We are going to use the credentials you've already created to explore this API.  The [developer dashboard](https://developer.spotify.com/dashboard/login) allows you to access those credentials.

We'll also be using [spotipy](https://spotipy.readthedocs.io/), a Python library that is designed to interact with this API.

In [None]:
import spotipy

In order to use the API, we need to authenticate with Spotify.  We are going to provide credentials to Spotify so that it knows we are a legitimate registered user.

In [None]:
from spotipy.oauth2 import SpotifyClientCredentials

As it's written, the code below is not quite right:
1. It needs to have legitimate values for the CLIENT_ID and CLIENT_SECRET
2. Ideally one NEVER wants to store credentials in a workflow like this
  * if you share the notebook with other people, or store it on GitHub, or otherwise put it in a publicly accessible place, then your secret credentials will be exposed

In [None]:
# Storing our credentials
CLIENT_ID='2a3'
CLIENT_SECRET='3b4'

# Authenticating with spotify
sp = spotipy.Spotify(auth_manager = SpotifyClientCredentials(client_id=CLIENT_ID,
                                                             client_secret=CLIENT_SECRET))

# Carrying out a basic query
sp.search(q='Neil Young', limit=20)

We can fix the code in two ways:
1. Supply the proper credentials
2. Put the credentials into a file that's kept more private

In [None]:
# If we put our module in an unconventional location, then 
# we need to tell Python where to look for module files on this system
import sys
sys.path.append('/home/jovyan')

# Import the module file with our credential info
import spotify_key

Now we can access the credentials through variable names, rather than by explicitly writing out any private information.

In [None]:
# Example:
print(spotify_key.CLIENT_ID)

Here is the more correct code.

In [None]:
# WE NO LONGER NEED THIS
# Storing our credentials
# CLIENT_ID='2a3'
# CLIENT_SECRET='3b4'

# Authenticating with spotify
sp = spotipy.Spotify(auth_manager = SpotifyClientCredentials(client_id=spotify_key.CLIENT_ID,
                                                             client_secret=spotify_key.CLIENT_SECRET))

# Carrying out a basic query
sp.search(q='Neil Young', limit=20)

Now we can get rolling with the API.

In [None]:
results = sp.search(q='Neil Young', limit=20)
print(results)

Sometimes it's like trying to drink water from a firehose.

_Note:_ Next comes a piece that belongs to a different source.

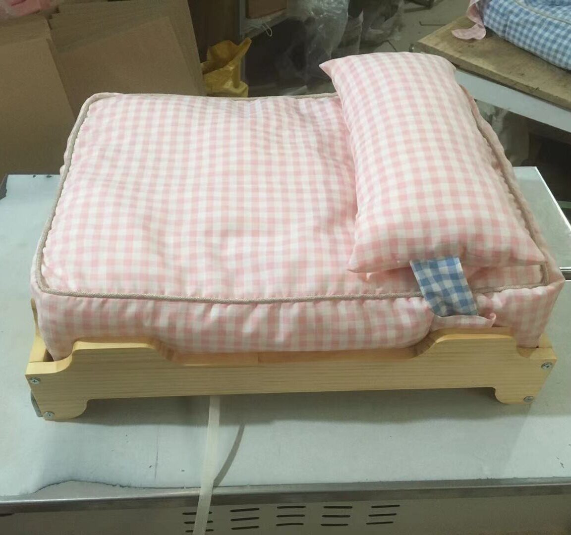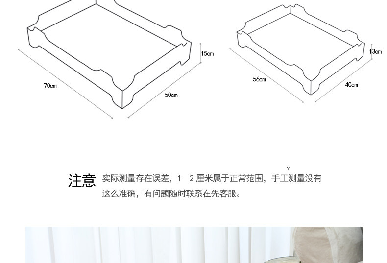 S-small 56*40*13 (recommended within 10 pounds) M-medium 70*50*15 (recommended within 30 pounds) small bed board is 5mm thick composite board
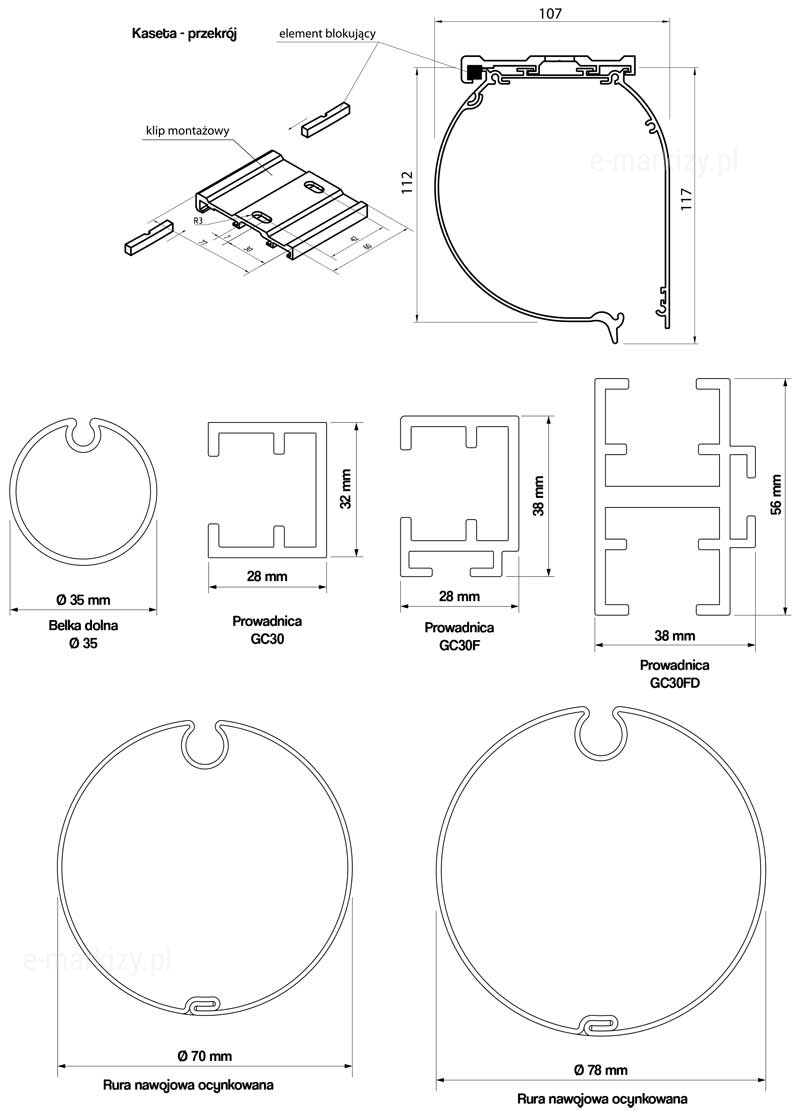 Prowadnice: GC30; GC30F; GC30FD(samonośny)

### How do I know how to do the above code in the first place?

It can be VERY important and helpful to consult the documentation.

Check out: https://developer.spotify.com/documentation/web-api/
* The examples are mainly in javascript, which we're not using in this course.

Fortunately there is also documentation in turn for Python libraries like spotipy to interact with the Spotify API: 
* https://spotipy.readthedocs.io/
  * For installation, examples, reference, link to source code
* GitHub repos can themselves contain useful documentation on the main README
  * ... not that we want to overburden ourselves with Python, but note that you can even peruse source code if you want
    * https://github.com/spotipy-dev/spotipy
    * note the use of requests and json in, for example, "spotipy/client.py" (and something called "urllib3" -> requests is built on urllib3 and intended to make HTTP requests more painless)

In [None]:
# Let's put our Python dictionary skills to good use

type(results)

In [None]:
results.keys()

In [None]:
results['tracks'].keys()

In [None]:
results['tracks']['items'].keys()

So.... we have to navigate our way through nested data structures, not all of which are dictionaries.

In [None]:
results['tracks']['items'][0].keys()

I will let you explore the documentation links for more info, and we will just cut to using some interesting data like artist name, track name, etc.

In [None]:
print(results['tracks']['items'][0]['album']['name'])
print(results['tracks']['items'][0]['name'])
print(results['tracks']['items'][0]['artists'])
print(results['tracks']['items'][0]['popularity'])

In [None]:
results = sp.search(q='Neil Young', limit=20)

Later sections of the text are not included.